(Stored dataset items)
☆ ☆ ☆

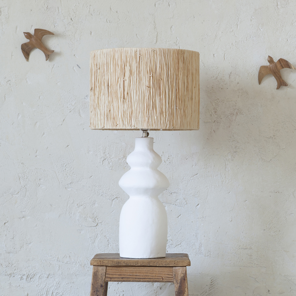 Raffia lampshade woven by hand, its natural style offers a warm touch to any space (living room, bedroom, children’s bedroom, kitchen …) It can be used as a lampshade for a table lamp or as a pendant lamp, complementing it with the Pendant Lamp Kit product.
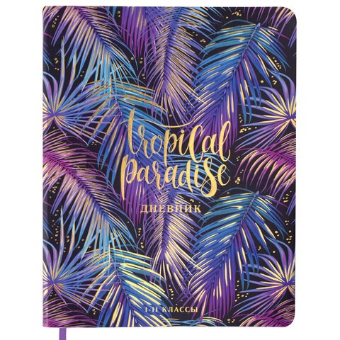 Дневник 1-11 класс 48 л., кожзам (гибкая), печать, фольга, BRAUBERG, "Тропики", 106173
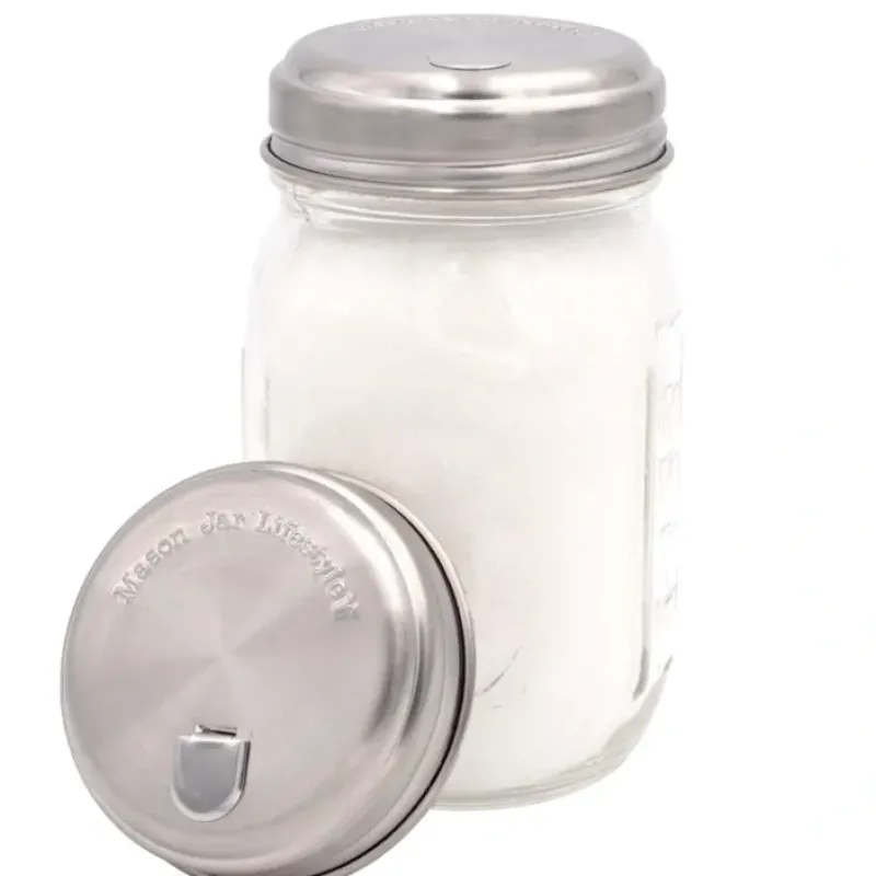 This fun lid will make a great addition to your Mason jar accessory collection!This stainless steel version will replace our old aluminum sugar lid.Stainless steel is food safe. dishwasher safe. and will not rust or tarnish.Jar is not included.
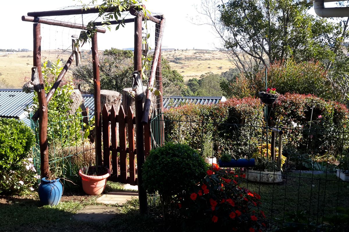 This cosy unit is set in the luscious green Inchanga Park Country Village. It boasts 2 bedrooms, The main bedroom has a private lounge area which overlooks the valley. There is 1 bathroom with a modern shower. The lounge , dining room and kitchen are open plan. The kitchen is fitted with built in cupboards plus a small pantry and a gas stove. Leading off the lounge is a wooden deck which overlooks the valley with a stunning view. At the entrance there is a covered carport for one vehicle and a workshop to the side.
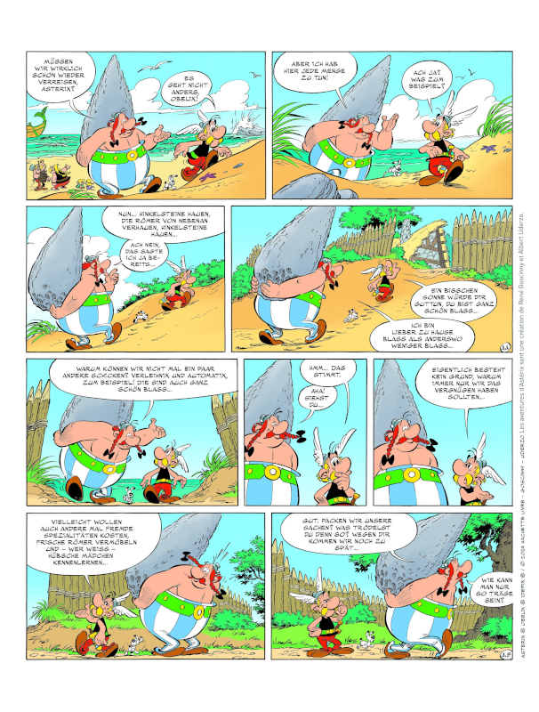 Im Dezember 2024 erschien zur Ankündigung des 41. Asterix-Abenteuers "Asterix in Lusitanien" ein einseitiger Comic, in dem Asterix und Obelix am Strand einen Dialog führen, dass sie wohl wieder verreisen müssen. Sie deuten auch an, dass durchaus auch mal andere Gallier geschickt werden können, beispielsweise Verleihnix und Automatix. Kenner hatten nach diesen Panels schon eine Reise nach Lusitanien in Verdacht.
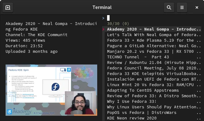 目前仓库为 Fedora 33 和 34 提供 Ytfzf。要安装它,请使用以下命令:
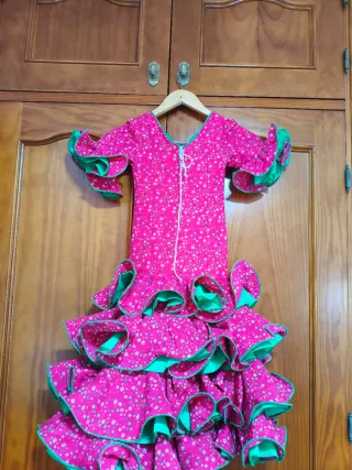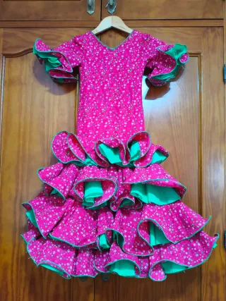 Vestido de flamenca para niña con un alegre estampado de flores. Ideal para fiestas y eventos. - Mangas con volantes. - Falda con múltiples volantes.

☆ ☆ ☆

- [Task statement] Could you give all of the data again exactly as written, omitting any pictures?

- [Output of the task]
 Raffia lampshade woven by hand, its natural style offers a warm touch to any space (living room, bedroom, children’s bedroom, kitchen …) It can be used as a lampshade for a table lamp or as a pendant lamp, complementing it with the Pendant Lamp Kit product.
 Дневник 1-11 класс 48 л., кожзам (гибкая), печать, фольга, BRAUBERG, "Тропики", 106173
 This fun lid will make a great addition to your Mason jar accessory collection!This stainless steel version will replace our old aluminum sugar lid.Stainless steel is food safe. dishwasher safe. and will not rust or tarnish.Jar is not included.
 This cosy unit is set in the luscious green Inchanga Park Country Village. It boasts 2 bedrooms, The main bedroom has a private lounge area which overlooks the valley. There is 1 bathroom with a modern shower. The lounge , dining room and kitchen are open plan. The kitchen is fitted with built in cupboards plus a small pantry and a gas stove. Leading off the lounge is a wooden deck which overlooks the valley with a stunning view. At the entrance there is a covered carport for one vehicle and a workshop to the side.
 Im Dezember 2024 erschien zur Ankündigung des 41. Asterix-Abenteuers "Asterix in Lusitanien" ein einseitiger Comic, in dem Asterix und Obelix am Strand einen Dialog führen, dass sie wohl wieder verreisen müssen. Sie deuten auch an, dass durchaus auch mal andere Gallier geschickt werden können, beispielsweise Verleihnix und Automatix. Kenner hatten nach diesen Panels schon eine Reise nach Lusitanien in Verdacht.
 目前仓库为 Fedora 33 和 34 提供 Ytfzf。要安装它,请使用以下命令:
 Vestido de flamenca para niña con un alegre estampado de flores. Ideal para fiestas y eventos. - Mangas con volantes. - Falda con múltiples volantes.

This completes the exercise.